Forget about solving all these crimes; the signal triumph here is (spoiler) the heroine’s survival.

Another sweltering month in Charlotte, another boatload of mysteries past and present for overworked, overstressed forensic anthropologist Temperance Brennan.

A week after the night she chases but fails to catch a mysterious trespasser outside her town house, some unknown party texts Tempe four images of a corpse that looks as if it’s been chewed by wild hogs, because it has been. Showboat Medical Examiner Margot Heavner makes it clear that, breaking with her department’s earlier practice (The Bone Collection, 2016, etc.), she has no intention of calling in Tempe as a consultant and promptly identifies the faceless body herself as that of a young Asian man.
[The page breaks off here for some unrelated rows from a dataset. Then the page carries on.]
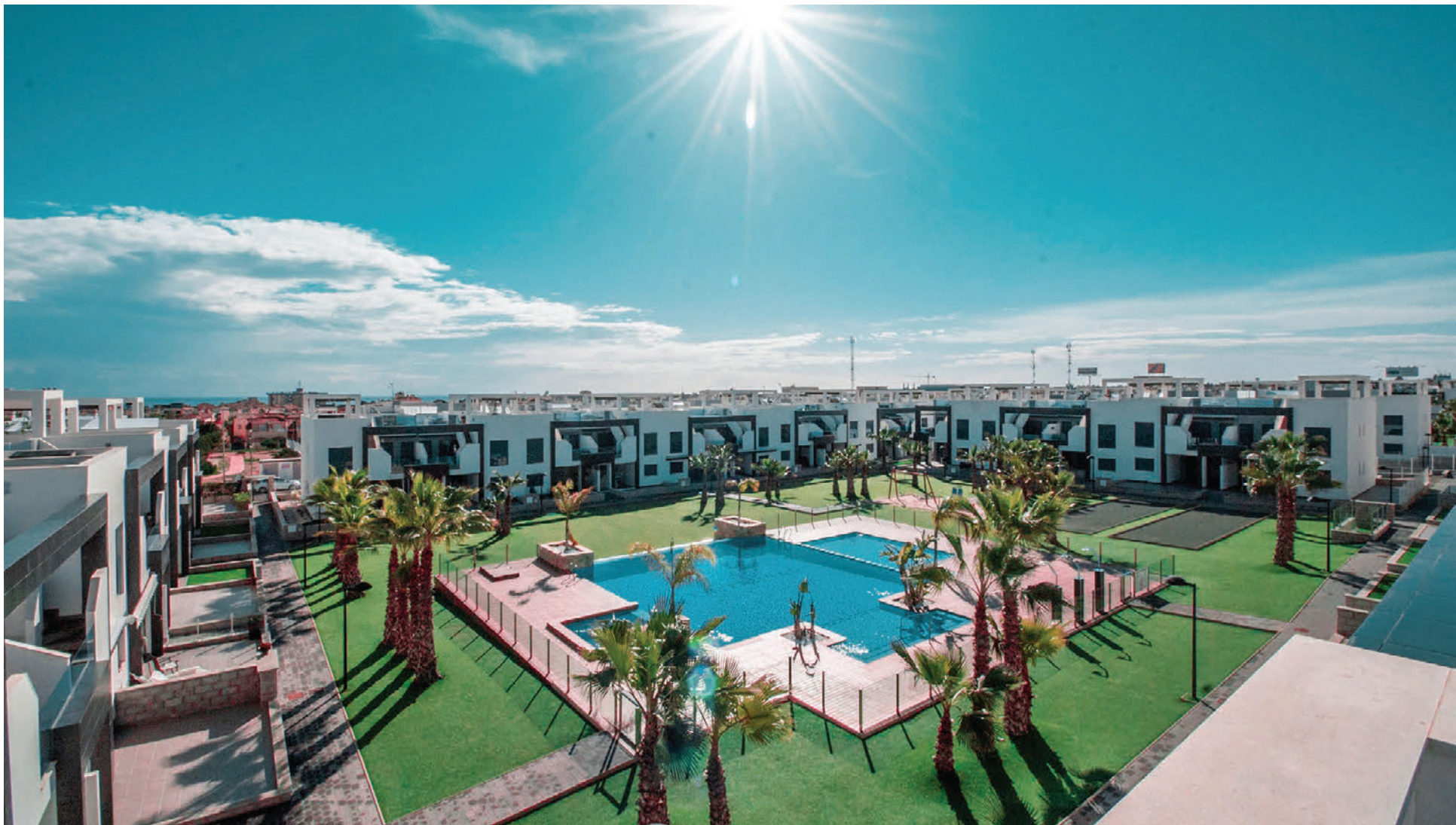
Glæsilegar íbúðir með sundlaug. Stutt í alla grunnþjónustu.
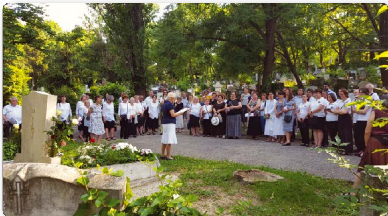
A kórusok: Fővárosi Énekkar, Tatabányai Bányász Vegyeskar, Ifjú Zenebarátok – most – Örökifjú Zenebarátok, és akik eljöttek tanítványok a Veres Pálné Gimnáziumból és a Bartók Konzervatóriumból.

a társaság, mindig maradt egy kör, akinek nem akaródzott még elsietni. Ilyenkor lett barát, vidám, igazi társ a harmincas évei elején járó fiatal tanár. Napközben, ha végigviharzott a folyosón, mert éppen szünet volt, megváltozott a légkör, az iskola különös varázslattal telt meg. Nem csak a kórusban éneklőkre volt elementáris hatással, hanem mindenkire!
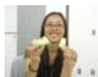
みずみずしいメロン

WANTED!! 社内潜入捜査!! 侵入者を 阻止せよ!! ~ File:13 ~
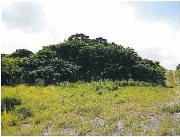
地點12 遺址西北側邊坡巽林段1049-5地號地勢向東抬升。
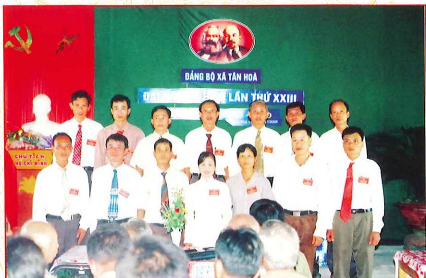
Ban Chấp hành Đảng bộ xã Tân Hòa nhiệm kỳ 2005 - 2010
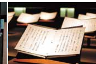
戦争体験の証言 145名(155件)の証言
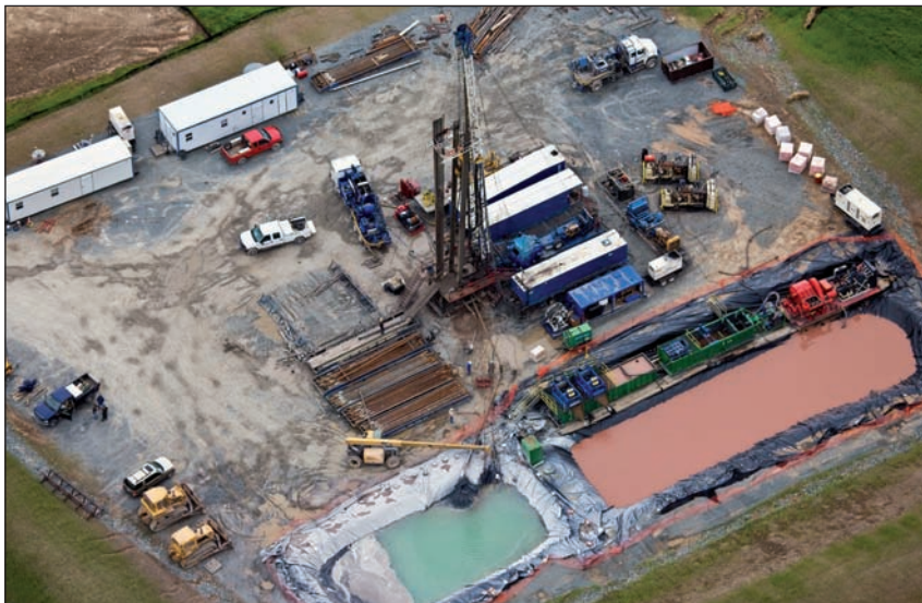
Hau sketa hidraulikoko putzu bat, Pennsylvanian.
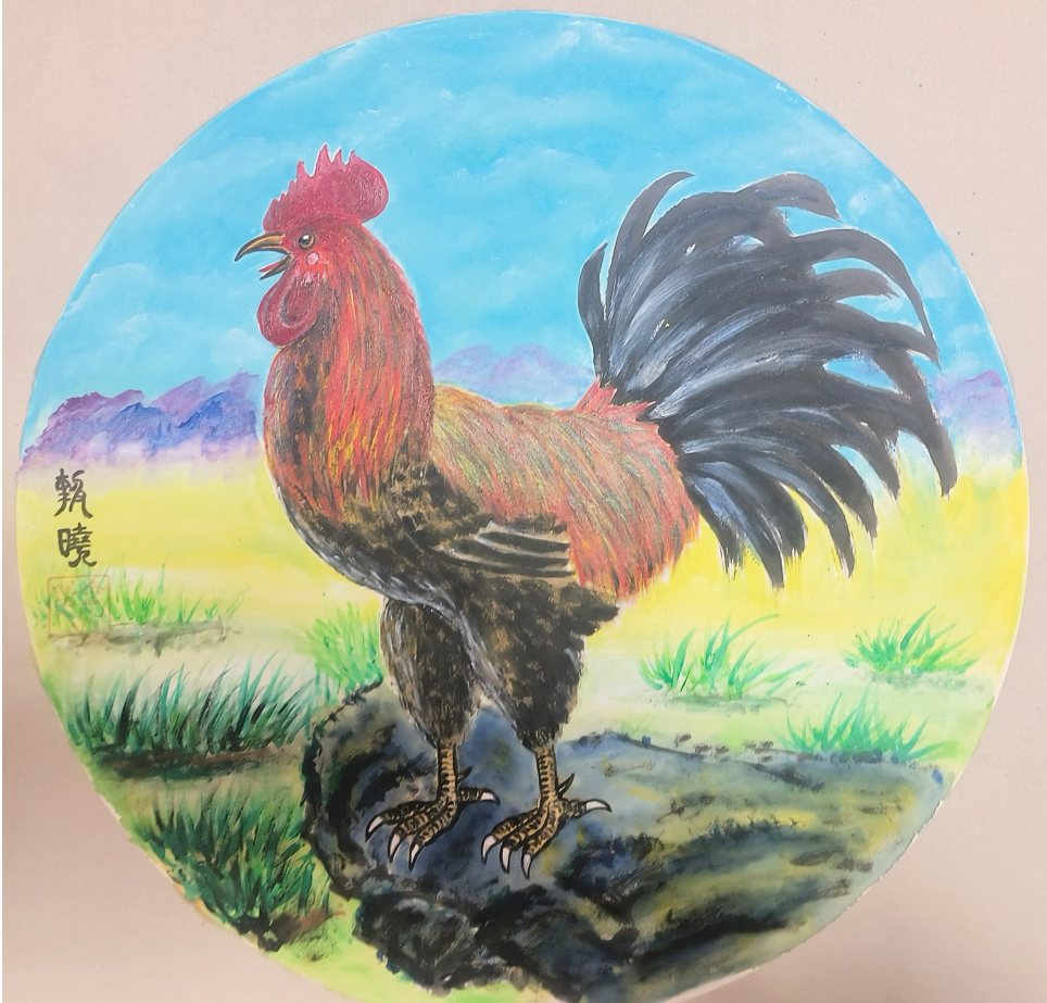
报 晓 赵寿金 作

冰冷的木鱼声陪伴着道貌岸然的刘二旦诉说着“虔诚”。刘二旦讲起佛经来头头是道。他说:“你知道佛祖为什么双手合十吗?收起来了,一切全都收起来了,把一切全放在了心上,放在了手里。”刘二旦又说:“人的苦恼,千言万语归结根底就是一句话‘放不下’,学会放下,是种美德;懂得坚持,方有始终。一个人放下了,就会无比轻松。” 谁都知道,人生在世“跳出三界外,不在五行中”是不可能的。“人、道、魔”三界只有一线之隔,成道、成魔,只是一念之差!有一天,我从刘二旦家门路过,见一
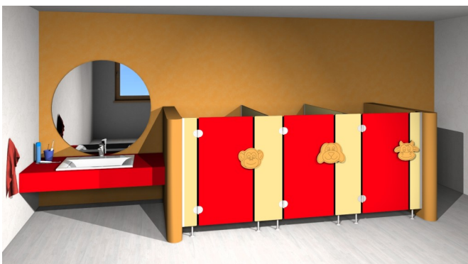
Typ / Type Kidz
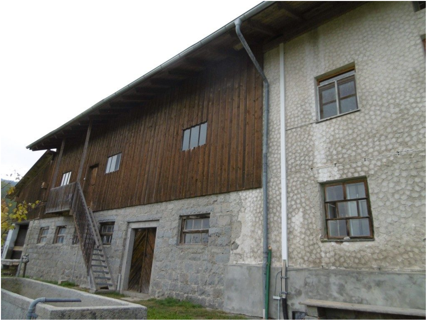
Der Waldhof am Baierweg

“Advent auf der Einöde” – ein Rundweg wird anvisiert: Der Erdlingshof
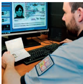
12 Projekt PDP 5 Zajištění jednotné platformy pro vytěžování dat z informačních systémů Policie ČR
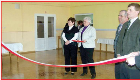
Otwarcie sali wiejskiej w Ligocie

W dniu 14 kwietnia 2009 roku odbyło się oficjalne otwarcie świetlicy wiejskiej w Ligocie po tym jak została w niej wymie-
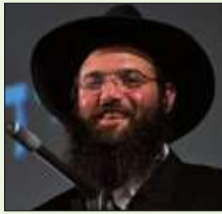
הרב מנחם מענדל הראל

אנחנו אובדי עצות ולכן אני פונה אליך. כתוב עבורי ובקש ברכה. היה זה ביום שלישי אור לכ"ג טבת. התארגנתי והתיישבתי לכתוב לרבי שליט"א מלך המשיח. במהלך הכתיבה לפתע ניצנץ במוחי הסיפור הידוע שהתרחש בארה"ב, כאשר פנו לרבי שליט"א מלך המשיח בבקשה ברכה עבור ילד שהיה במצב בריאותי קשה. והשיב שיבדקו האם הילד נרשם כבר לצבאות ה', ארגון הילדים העולמי שיסד הרבי שליט"א מלך המשיח. ואם הוא כבר נרשם אזי שיעלו אותו בדרגה וזה יוציא אותו ממצבו הבריאותי הקשה. ואכן כך עשו והילד יצא לחלוטין מכלל סכנה והבריא.
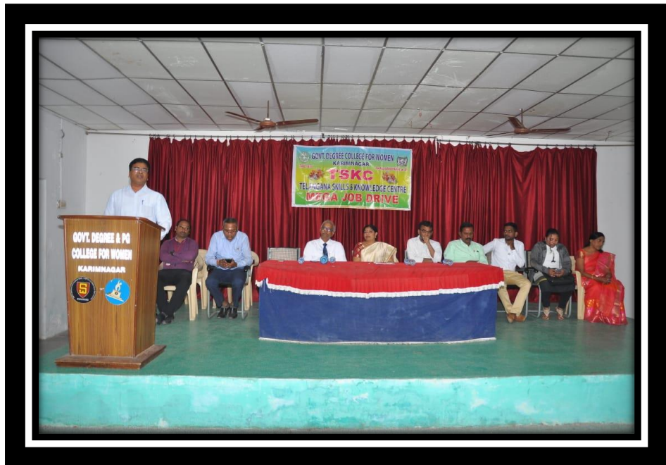
HR from Adarsh Motors Ltd Addressing
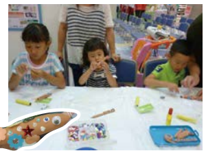
おがくず粘土で世界に1つだけの鉛筆をつくりました。
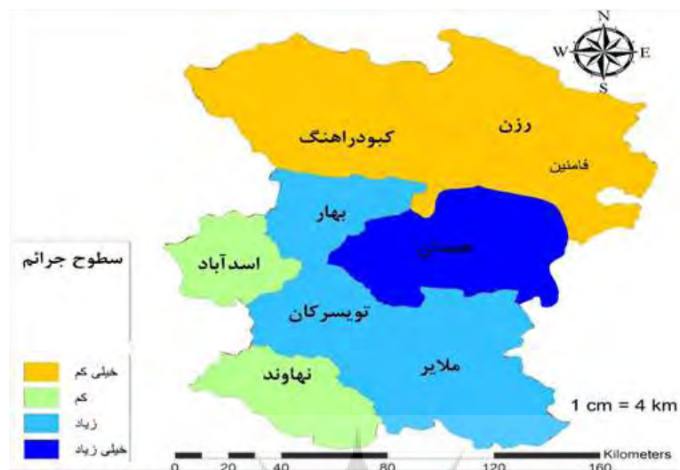
شکل ۴. نقشه پراکنندگی جرائم در شهرستان‌های استان همدان

از لحاظ میزان جرائم اجتماعی، به ترتیب شهرستان‌های همدان، ملایر و تویسرکان، و از لحاظ جرائم فرهنگی و اقتصادی، شهرستان‌های همدان، ملایر و بهار بالاترین رتبه را داشته‌اند. سایر اطلاعات در جدول ۲ ارائه شده است.
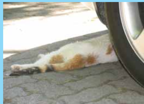
Pomozte kočkám kastracemi - str. 9

další témata: vegetariánská výživa, záchráněná zvířata, veganství & očkování, ovčí vlna
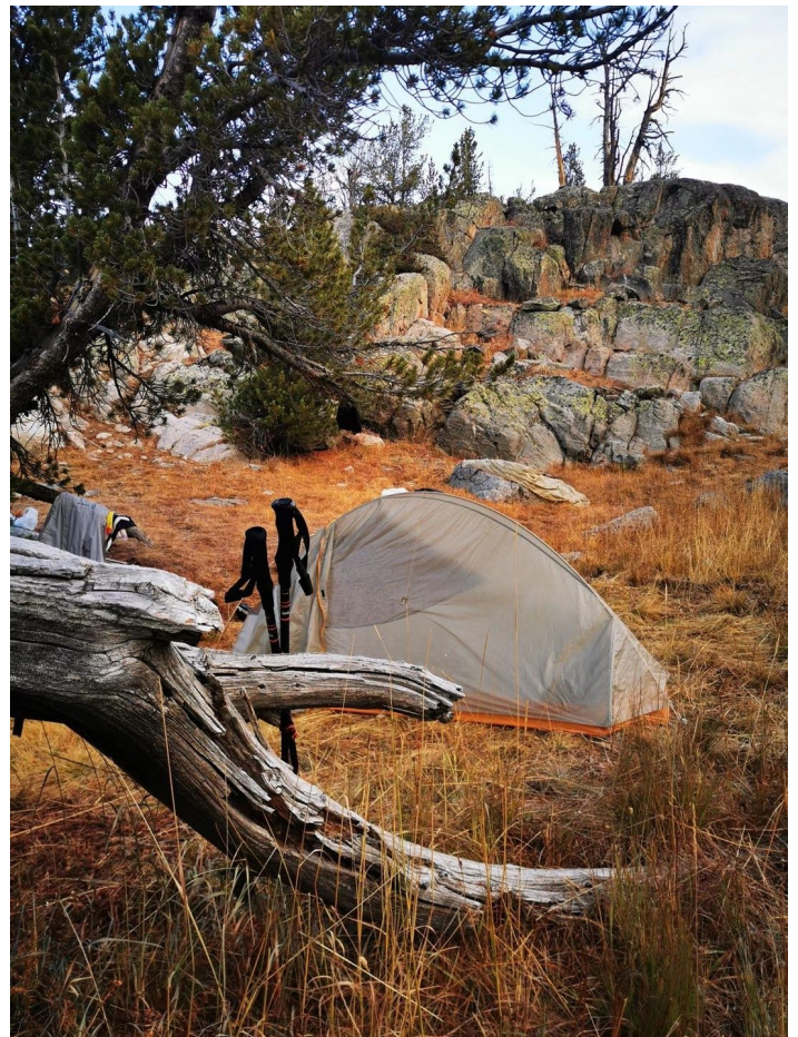
孤寂湖 (Lonesome Lake) 扎营过夜观日出
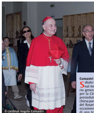
Il cardinal Angelo Comastri

ligiose, civili, e di tanto popolo desideroso di associarsi a questo nostro atto di pietà religiosa, il nostro umile e personale ossequio diventa pubblico e si fa cerimonia celebrativa». Con queste parole, pronunciate in uno stile inconfondibile per quanti lo conoscono, Paolo VI incominciava il suo discorso all'abbazia di Fossanova di fronte ad una folla traboccante ma composta, far gli onori di casa, naturalmente, l'allora vescovo diocesano monsignor Enrico Tomolo Compagnone, peraltro amico di lunga data di papa Montini, e con lui il presbitero della diocesi al gran completo, senza dimenticare le rappresentanze degli Ordini cistercense e domenicano, legati a doppio filo alla storia dell'abbazia medievale. Era un sabato, il 14 settembre 1974, e l'occasione - come abbiamo appena letto dalle parole stesse del Pontefice - era offerta dal 700° anniversario della scomparsa di San Tommaso, patrono della città di Priverno e compatriota della diocesi pontina. Tommaso, nato nella non lontana Roccaseca da una nobile famiglia dei conti di Aquino (non a caso proprio Roccaseca ed Aquino erano le altre due tappe obbligate della trasferta papale nel basso Lazio), si trovava in viaggio da Napoli, città in cui risiedeva a Lione, dove era in corso il concilio ecumenico e il suo parere di insigne teologo era particolarmente atteso. Avvertito un malore non molto tempo dopo esser partito, aveva dapprima chiesto ospitalità presso alcuni suoi familiari, nella cittadina lepina di Maenza;
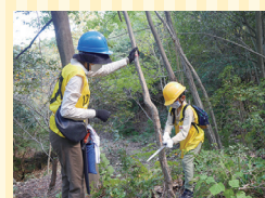
お客さまとの森林保全活動 (広島県緑化センター内広島ガスの森)

広島ガスグループは、2021年に「2050年カーボンニュートラルへの取り組み」を発信し、2050年のカーボンニュートラルを見据え、まずはCO2削減に貢献する取り組みを推進しています。
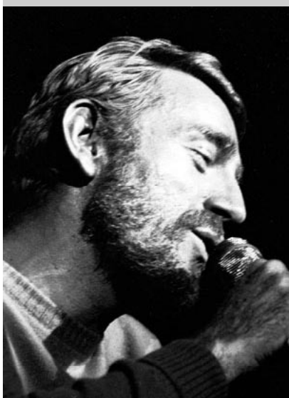
Rod McKuen, ovvero il fiuto di tradurre per primo Brel in inglese

Tra le altre canzoni ce n’è una molto fortunata, ed è LE MORIBOND. La sua fortuna deriva da due eventi successivi, che ne hanno determinato una lunga storia molto interessante da raccontare. All’inizio di tutto c’è la traduzione in inglese fatta dal folk-singer e poeta californiano Rod McKuen, il primo che ha tradotto assiduamente Brel in inglese. La sua traduzione del 1965 (SEASONS IN THE SUN), pur conservando come traccia la storia di un moribondo che lascia l’ultimo saluto alle persone più care, ne ha di molto semplificato il contenuto. Scompaiono molte delle allusioni sarcastiche più sottili, sostituite da alcune immagini che vorrebbero essere poetiche ma risultano più che altro melense, una poesia da Baci Perugina che però può piacere al pubblico di massa ( Goodbye my friend it’s hard to die! | When all the birds are singing in the sky, trad.:Arrivederci amico mio, è difficile morire|Quando tutti gli uccelli cantano in cielo è solo un esempio del tono usato da McKuen).
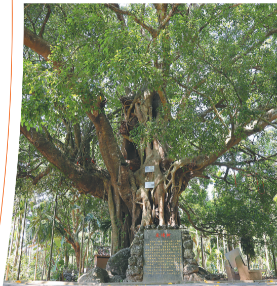
皇坡村里的爱情树。
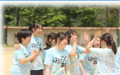
クラスの仲間との絆が深まりました!
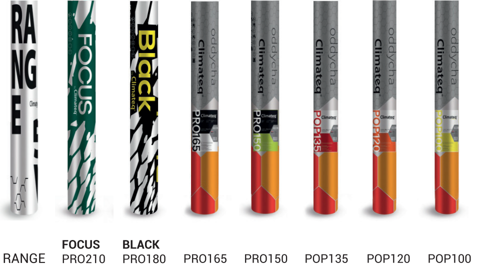
RANGE FOCUS BLACK PRO165 PRO150 POP135 POP120 POP100
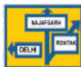
ROAD JUNCTION APPROACH

(Yellow Back Ground 60cm Dia Board Black Band)
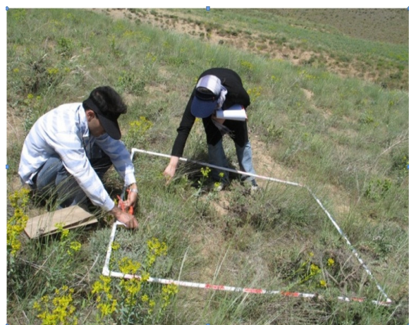
شکل ۲- پلات مورد استفاده در اندازه‌گیری پوشش گیاهی در حوزه زوجی گنبد

ویژگی‌های پوشش سطح خاک بر اساس اندازه‌گیری ۵۳ پلات در سطح زیرحوزه شاهد و نمونه به دست آمد. شاخص‌های آماری تمامی پارامترها نیز برای بررسی بهتر آنها محاسبه گردید که نتایج آنها در جدول (۱) برای زیرحوزه‌های مورد مطالعه آمده است.
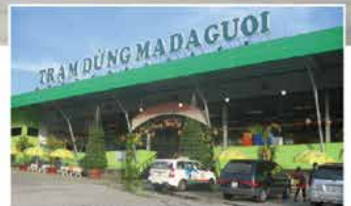
Hình ảnh Trạm dừng Madagui - Lâm Đồng

CÔNG TY CỔ PHẦN XE KHÁCH PHƯƠNG TRANG FUTA Bus Lines
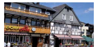
GÄSTEHaus DORF ALM Willingen/Upland
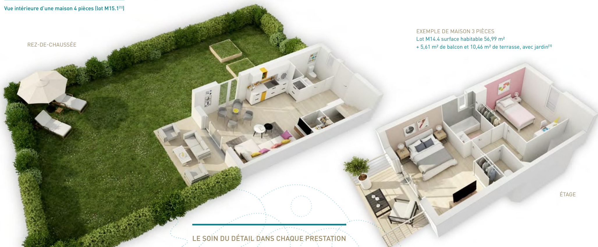
EXEMPLE DE MAISON 3 PIÈCES Lot M14.4 surface habitable 56,99 m 2 + 5,61 m 2 de balcon et 10,46 m 2 de terrasse, avec jardin (1)
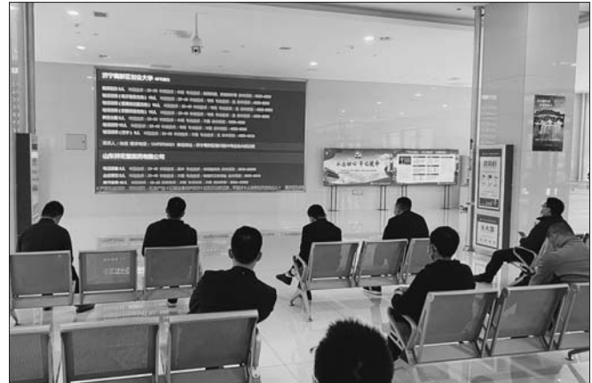
市人才市场每天及时发布企业招聘信息。

Nettled by several errors in Heavner’s analysis, and even more by her willingness to share the gory details at a press conference, Tempe launches her own investigation, which is not so much off the books as against the books. Heavner isn’t exactly mollified when Tempe, aided by retired police detective Skinny Slidell and a host of experts, puts a name to the dead man. But the hints of other crimes Tempe’s identification uncovers, particularly crimes against children, spur her on to redouble her efforts despite the new M.E.’s splenetic outbursts. Before he died, it seems, Felix Vodyanov was linked to a passenger ferry that sank in 1994, an even earlier U.S. government project to research biological agents that could control human behavior, the hinky spiritual retreat Sparkling Waters, the dark web site DeepUnder, and the disappearances of at least four schoolchildren, two of whom have also turned up dead. And why on earth was Vodyanov carrying Tempe’s own contact information? The mounting evidence of ever more and ever worse skulduggery will pull Tempe deeper and deeper down what even she sees as a rabbit hole before she confronts a ringleader implicated in “Drugs. Fraud. Breaking and entering. Arson. Kidnapping. How does attempted murder sound?”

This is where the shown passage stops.